Catching Up On The Times

Nappy-headed schmo
Oh, blog, dear blog, I've been neglecting you. I'm racing toward a deadline on my script right now, so I've been keeping you at arm's length. Then, a couple of days ago, when I was thinking about posting, I gave myself a concussion (my head + underside of my son's wooden loft bed = pain and puking). But I can't stay away from you. I want to touch quickly on two topics that have been dominating the news.

First, the Virginia Tech jerk.

It's normal for everyone to navel-gaze and point fingers after something like this happens. One of the best classes I ever took in college was a course called "The Psychology of Justice." In that class, I learned about a phenomenon that is incredibly pervasive and persistent across all cultures: the Belief In A Just World. Belief in a just world often means that we deserve what we get, and we get what we deserve.

However, in cases like the Virginia Tech shooting, it's clear that the victims didn't deserve what they got. That doesn't mean Belief In A Just World goes away.

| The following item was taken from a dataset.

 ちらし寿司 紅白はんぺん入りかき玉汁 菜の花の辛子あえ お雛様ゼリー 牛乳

Instead, the BJW theory says that great evils must have great causes.

The space shuttle doesn't blow up because a piece of rubber got cold—it blows up because of a culture of failure and the incompetence of an entire space agency and perhaps because of humanity's hubris… You know what I mean?

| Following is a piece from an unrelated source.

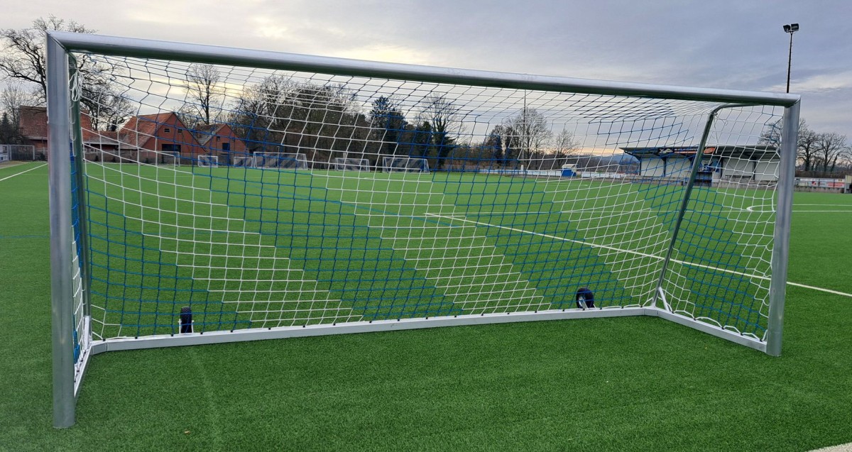 Konform nach FIFA-, DFB-Vorschriften und DIN EN 748Inklusiv:Stabiles Netz PP 4 mm mit 10 cm Maschen - wählbare Farben: Grün oder weiß

In this case, BJW says that video games, isolation, access to guns, non-access to guns, popular music, coarsening of culture and ultimately society itself is to blame for the tragedy at VT. Of course, the problem with BJW is that it's not true. The world is not just. Existence is not fair. Great evils sometimes happen for the most mundane reasons. The poor people who died at VT died because a mentally ill person made the insane choice to kill them. And if someone chooses to kill you, they are going to kill you, and there's nothing you can do about it. They might use guns, they might use gasoline and fertilizer, they might use poison…

…not a very comforting thought.

But that's life in an unjust, unfair world.

Of course, one can imagine Don Imus thinking to himself, "If only this asshole could have done the shooting a week earlier…I'd still have my job."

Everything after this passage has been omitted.